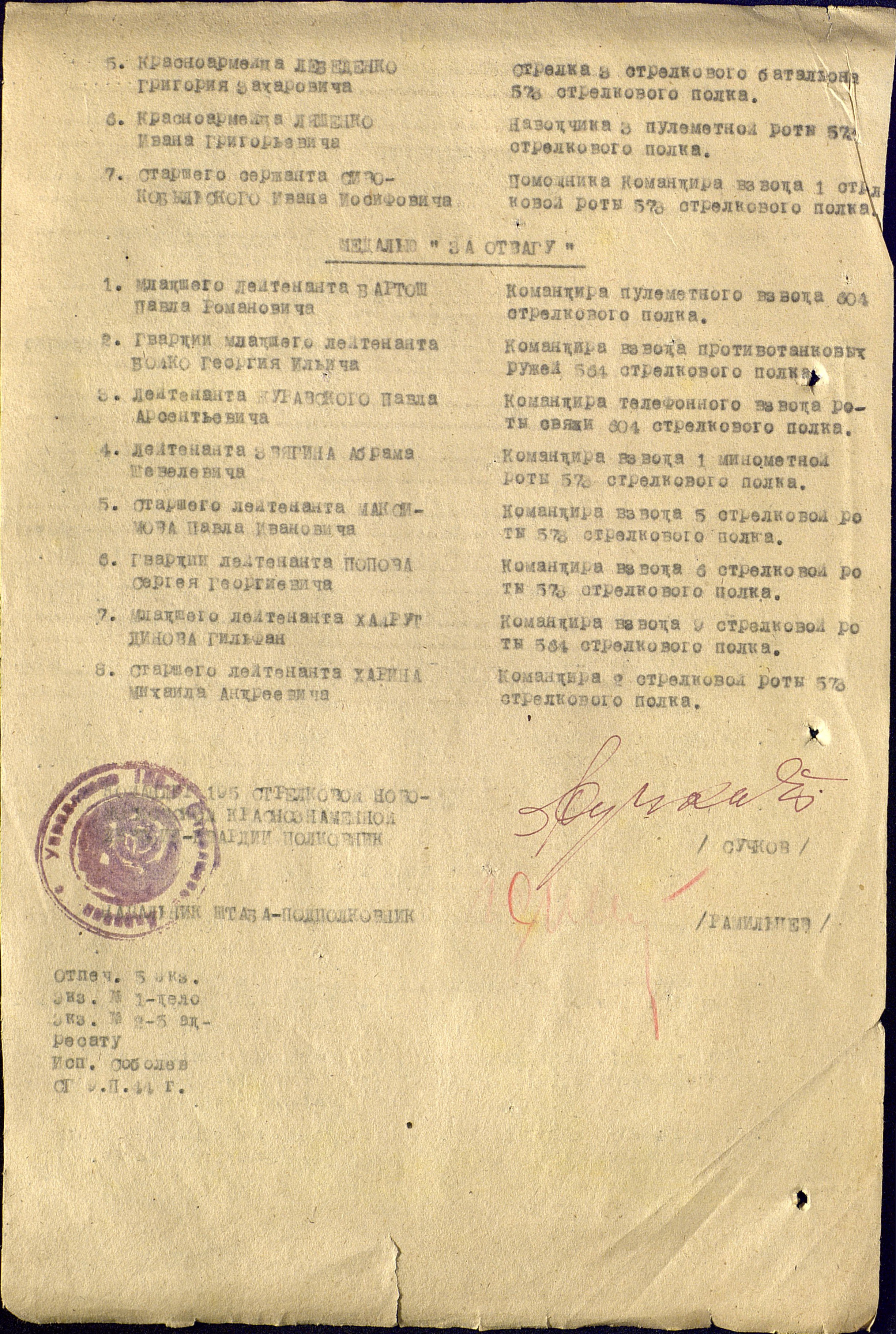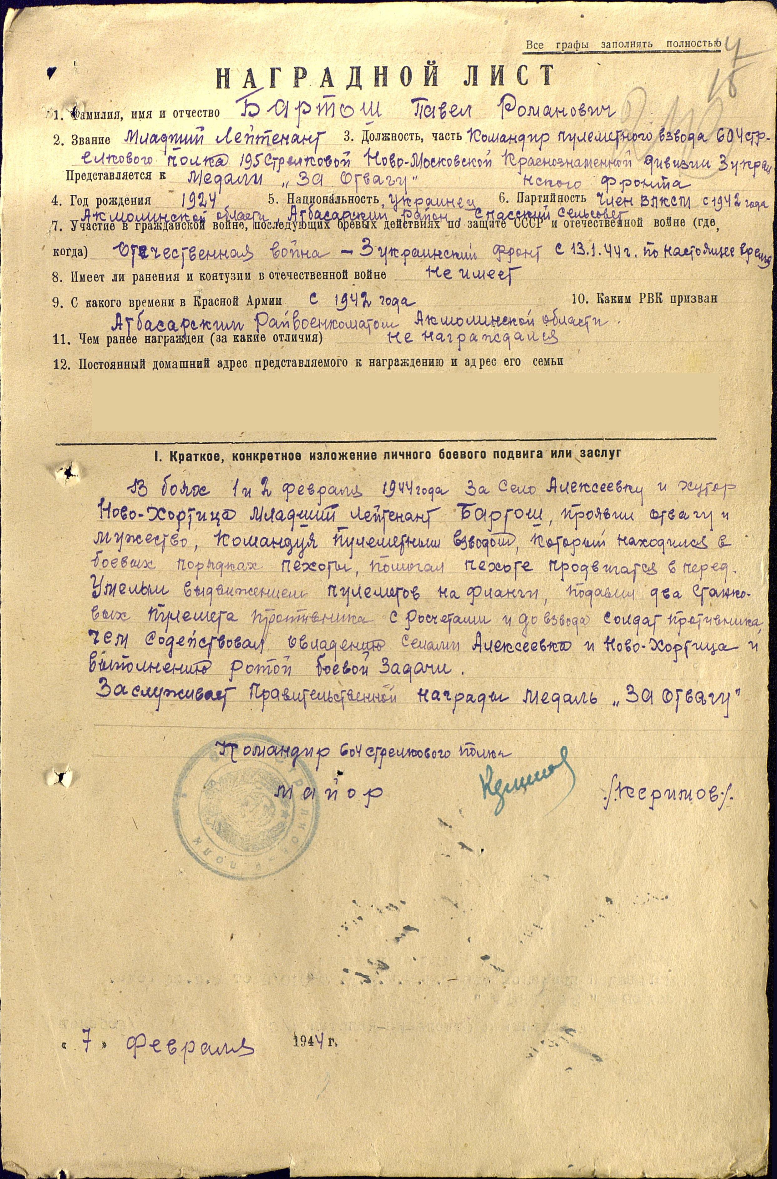 отвагу» младшего лейтенанта Бартош Павла Романовича, командира пулеметного взвода
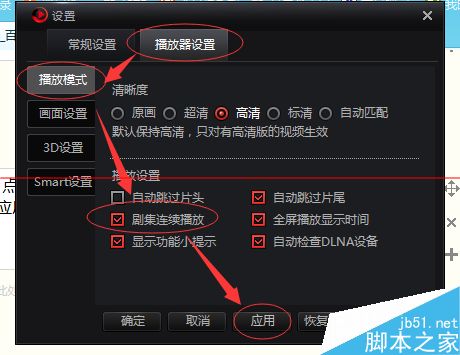 3、在【設置】界面下,點擊選擇【播放器設置】-->【播放模式】-->勾選【顯示功能小提示】-->【應用】選項完成操作。(如圖所示)
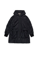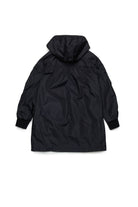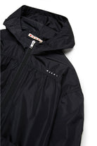 Long windbreaker jacket made of nylon. Features gathers that characterise the garment. Institutional logo embroidered in contrasting color on the front on the heart side. Fixed hood. Front zip closure. Front pockets. Elastics on cuffs. Lined inside.
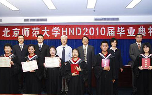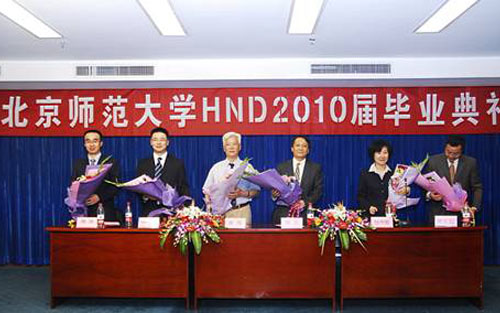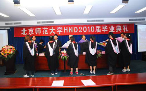 金声木铎,璀璨流年,告别青春,告别师大,三年时光匆匆而过,此去须怀报国志,不忘春风化雨情。北京师范大学英国高等教育文凭(HND)项目*一届毕业生将在这盛夏六月告别亲爱的母校,踏上他们海外留学的新征程。6月10日上午,北京师范大学 HND 2010届毕业典礼在北京师范大学京师大厦三层第六会议室隆重举行。
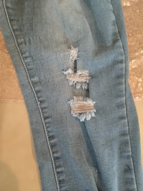 JEANS CON DESTRUCCIÓN. Geniales, tela suave al tacto, en buenaz condiciones, pantalón marca americana talla 17.
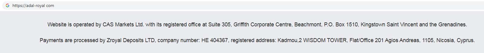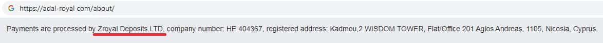 Также известно, что юридическое лицо Zroyal Deposits LTD владеет мошенническим интернет-ресурсом adal-royal com, тоже находится в оффшоре.
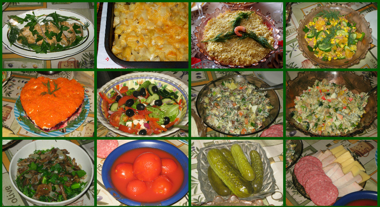 Не так уж много... За столом было 4 человека. Осталась половина салатов, разделили со свекровью пополам.
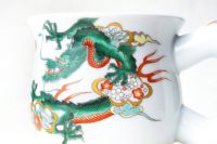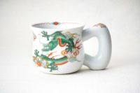 中国の皇帝だけに使用を許された五爪の龍をモティーフに、古くから「おめでたいしるし」として知られている四君子「蘭・竹・菊・梅」と、その永続を意図した「西海波」を釉上に描いたカップです。
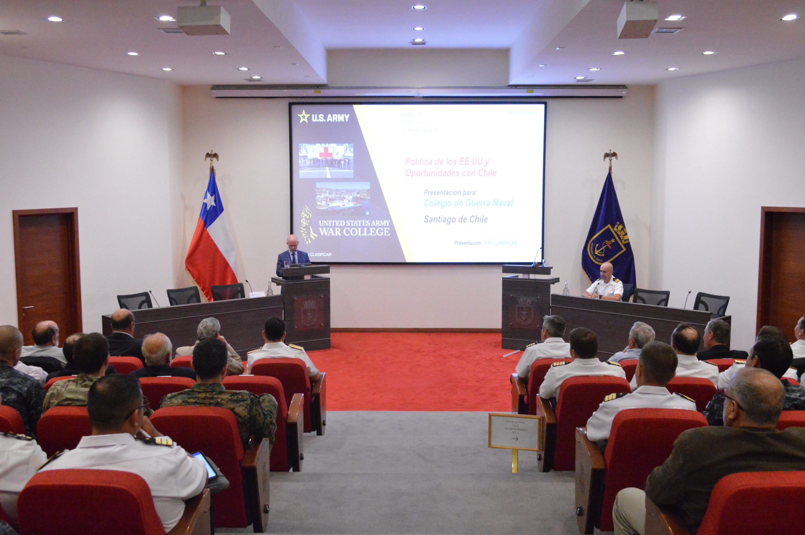 La actividad que se realizó para abordar temáticas desde la perspectiva militar-naval y desde el prisma civil en paralelo, con el fin de producir una interacción que permita enriquecer el conocimiento de forma multidisciplinaria, a través de la discusión académica, fue presidida por el Director de Educación de la Armada, Contraalmirante Sebastián Gutiérrez Casas.
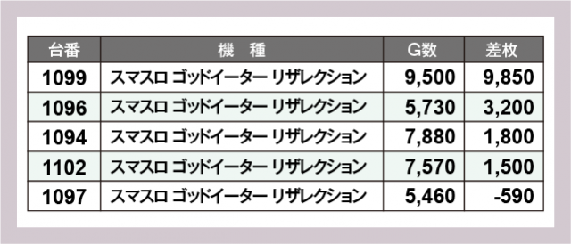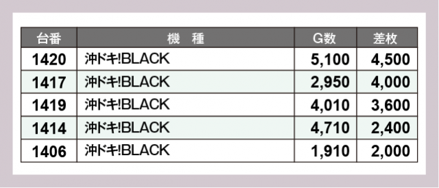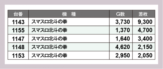 ※差枚数順に掲載しています
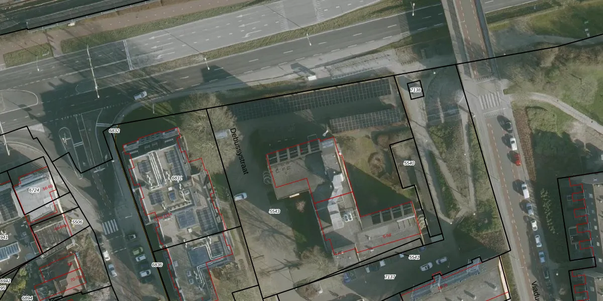 Het perceel waarop Debussystraat 2 staat heeft een oppervlakte van 3630 m². Dit is een zeer groot perceel. De perceeloppervlakte wordt geregistreerd door het Kadaster. Gedetailleerde informatie over de maten van dit perceel kunt u vinden in het rapport Kadastrale kaart met maatvoering van Debussystraat 2.

★ ★ ★

§ **Task requirements**:
Write out the lines from the start of the material to the line with "3、在【設置】界面下,點擊選", inclusive and exactly. Skip the pictures.

§ **Your solution**:
 отвагу» младшего лейтенанта Бартош Павла Романовича, командира пулеметного взвода
 3、在【設置】界面下,點擊選擇【播放器設置】-->【播放模式】-->勾選【顯示功能小提示】-->【應用】選項完成操作。(如圖所示)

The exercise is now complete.